- [Problem] Reproduce, from the lines below, exactly the stretch that begins at the line containing "3月28日,农行董事会决议公" and ends at the line containing "圣诞平安夜,鸿韵集团与您相约海口鲁能希尔顿", both included.

- [Source material]
■ ■ ■
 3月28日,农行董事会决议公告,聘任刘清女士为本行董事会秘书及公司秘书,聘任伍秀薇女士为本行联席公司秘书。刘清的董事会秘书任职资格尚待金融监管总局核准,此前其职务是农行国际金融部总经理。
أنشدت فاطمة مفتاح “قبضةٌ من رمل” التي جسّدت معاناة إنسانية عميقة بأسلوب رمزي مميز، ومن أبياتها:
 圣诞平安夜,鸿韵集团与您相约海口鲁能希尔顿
■ ■ ■
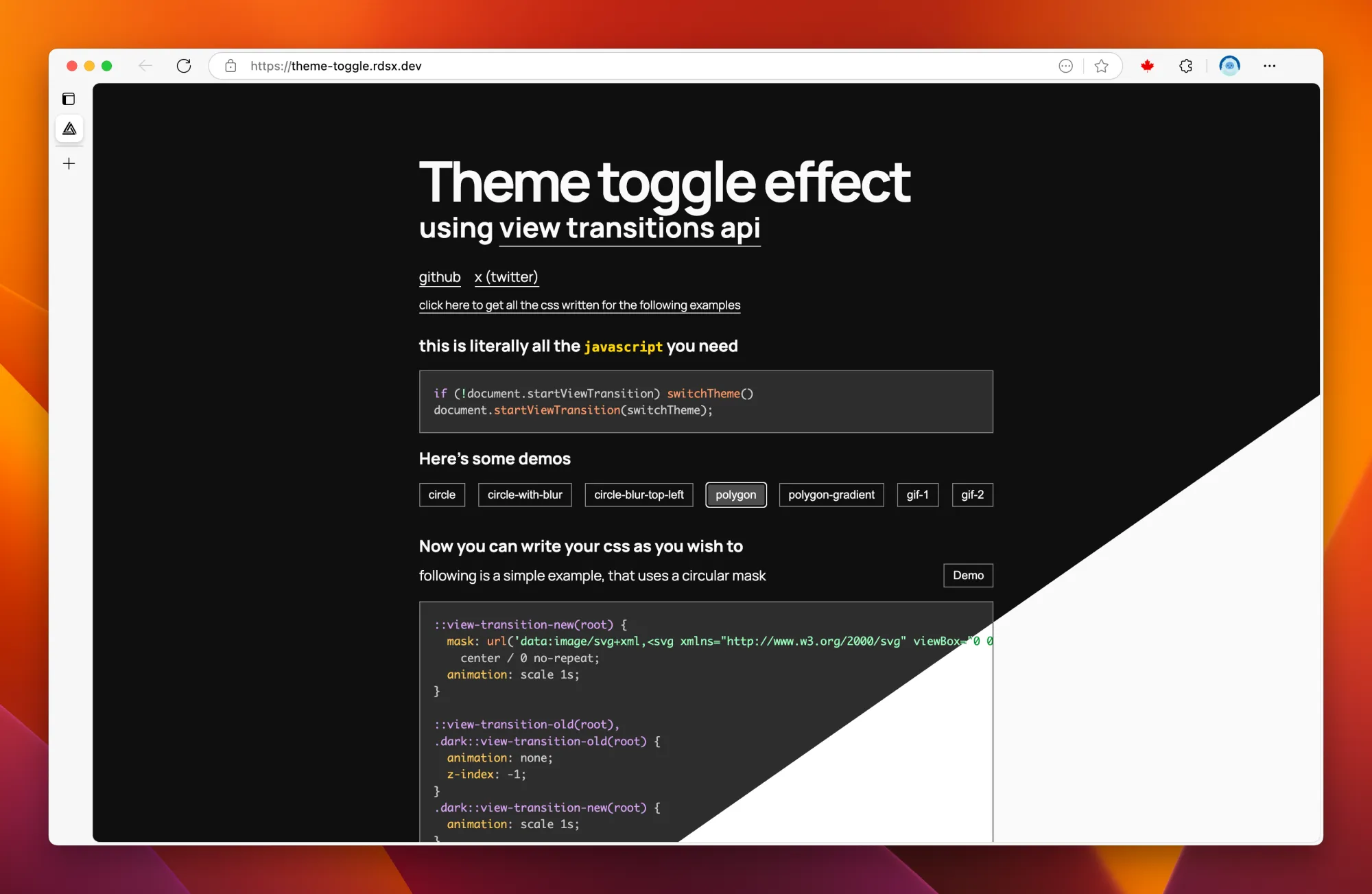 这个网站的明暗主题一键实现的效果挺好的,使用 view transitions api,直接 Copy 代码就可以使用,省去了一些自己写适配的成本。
■ ■ ■
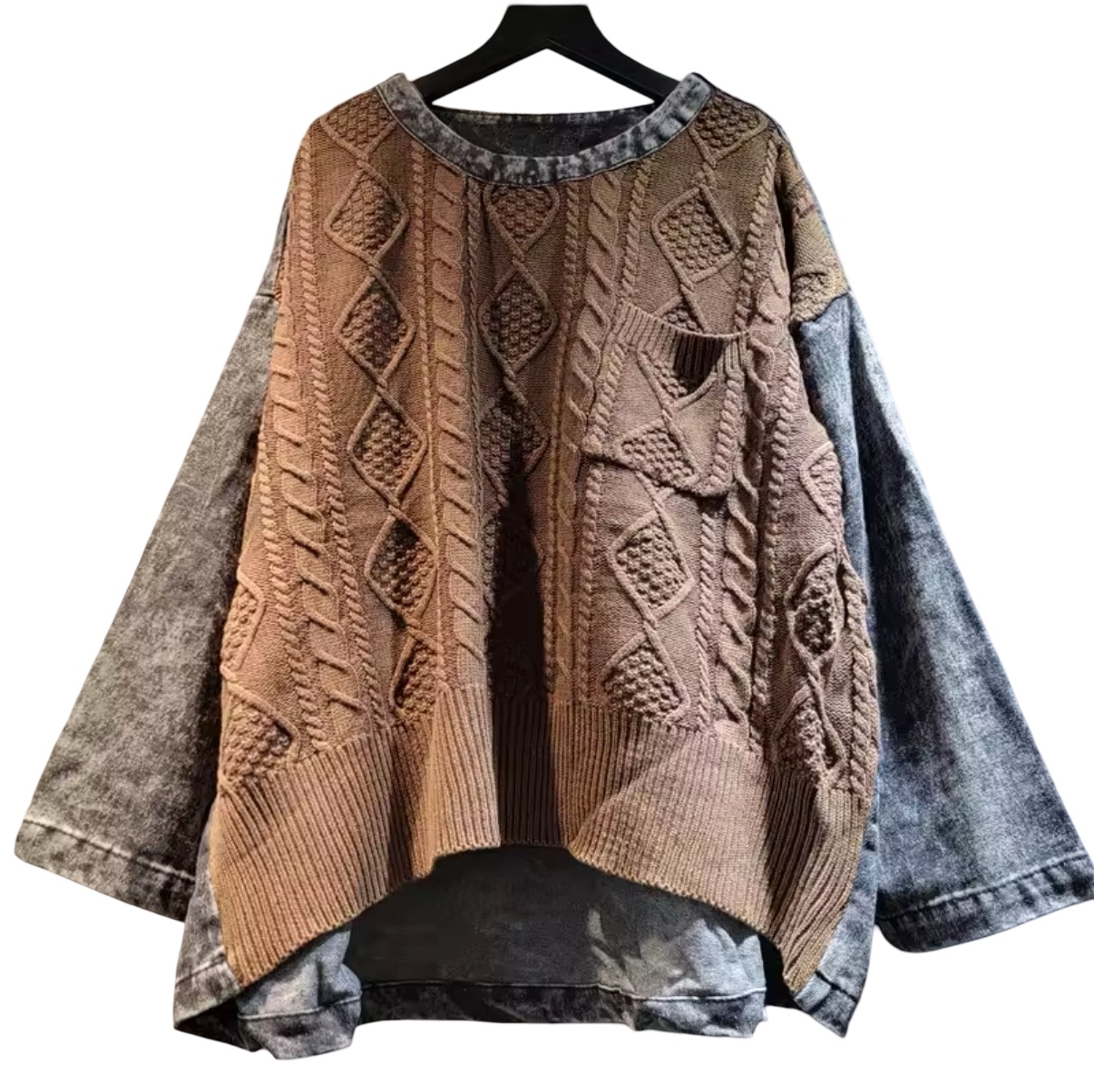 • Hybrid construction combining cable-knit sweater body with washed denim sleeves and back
■ ■ ■
- [Answer to the exercise]
 3月28日,农行董事会决议公告,聘任刘清女士为本行董事会秘书及公司秘书,聘任伍秀薇女士为本行联席公司秘书。刘清的董事会秘书任职资格尚待金融监管总局核准,此前其职务是农行国际金融部总经理。
أنشدت فاطمة مفتاح “قبضةٌ من رمل” التي جسّدت معاناة إنسانية عميقة بأسلوب رمزي مميز، ومن أبياتها:
 圣诞平安夜,鸿韵集团与您相约海口鲁能希尔顿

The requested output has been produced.